## Aim of the exercise
Set down precisely the lines from the line with "2、把生活服务辅助功能融入其" through the end of the material, inclusive, and no pictures.

## Data below
========================
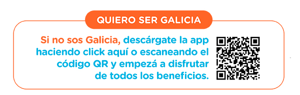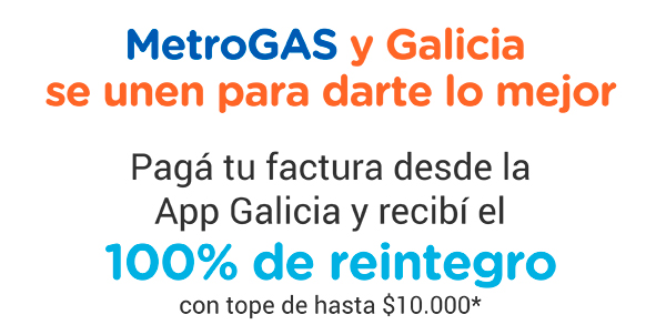 *Beneficio válido en zona de cobertura de MetroGAS S.A. desde el 01/12/2024 hasta el 31/12/2024 o hasta agotar el stock disponible de 10.000 reintegros otorgados, lo que ocurra primero. Promoción aplicable para pagos de facturas de Metrogas S.A. realizados a través de la App Galicia. Sólo válido para cartera de consumo para nuevos clientes Galicia Move (que no hayan tenido cuenta Galicia en los últimos 180 días y se den de alta a través del QR o link exhibido en esta comunicación), quienes deberán tener abierta una caja de ahorro común en el Banco Galicia, en la que se acreditará el monto del reintegro dentro de los 15 días hábiles posteriores a la finalización de la vigencia indicada. Obtendrán por única vez un reintegro del 100% del monto de la factura de MetroGAS S.A. que abonen, con tope de reintegro $10.000 por cliente. Beneficio no acumulable con otras promociones vigentes y no aplicable a pagos realizados a través de billeteras virtuales (excepto MODO), mPos y/o plataformas de pago online. PARA MÁS INFORMACIÓN Y CONDICIONES O LIMITACIONES APLICABLES, CONSULTE EN www.galicia.ar/personas/promo-metrogas. Banco de Galicia y Buenos Aires S.A.U., Tte. J.D. Perón 430, C.A.B.A., C.U.I.T. N° 30-50000173-5. MetroGAS S.A., G. Aráoz de Lamadrid 1360, C.A.B.A., C.U.I.T. N° 30-65786367-6.
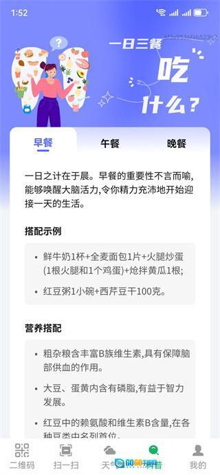 2、把生活服务辅助功能融入其中,在扫码工具的基础上增添天气查询、一日三餐饮食搭配建议等功能,以此提高应用的实用价值。
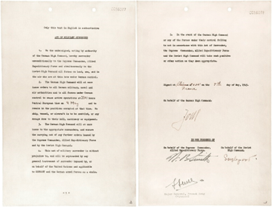 « L’acte de la reddition – Seul le texte anglais qui vaut autorité dactylographié court, élaboré en hâte sous la supervision d’Eisenhower. »
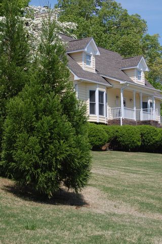 Does The Yellow House overlook a wooded property as it appears to do in the dogwood photo?
========================
## Problem solution
 2、把生活服务辅助功能融入其中,在扫码工具的基础上增添天气查询、一日三餐饮食搭配建议等功能,以此提高应用的实用价值。
 « L’acte de la reddition – Seul le texte anglais qui vaut autorité dactylographié court, élaboré en hâte sous la supervision d’Eisenhower. »
 Does The Yellow House overlook a wooded property as it appears to do in the dogwood photo?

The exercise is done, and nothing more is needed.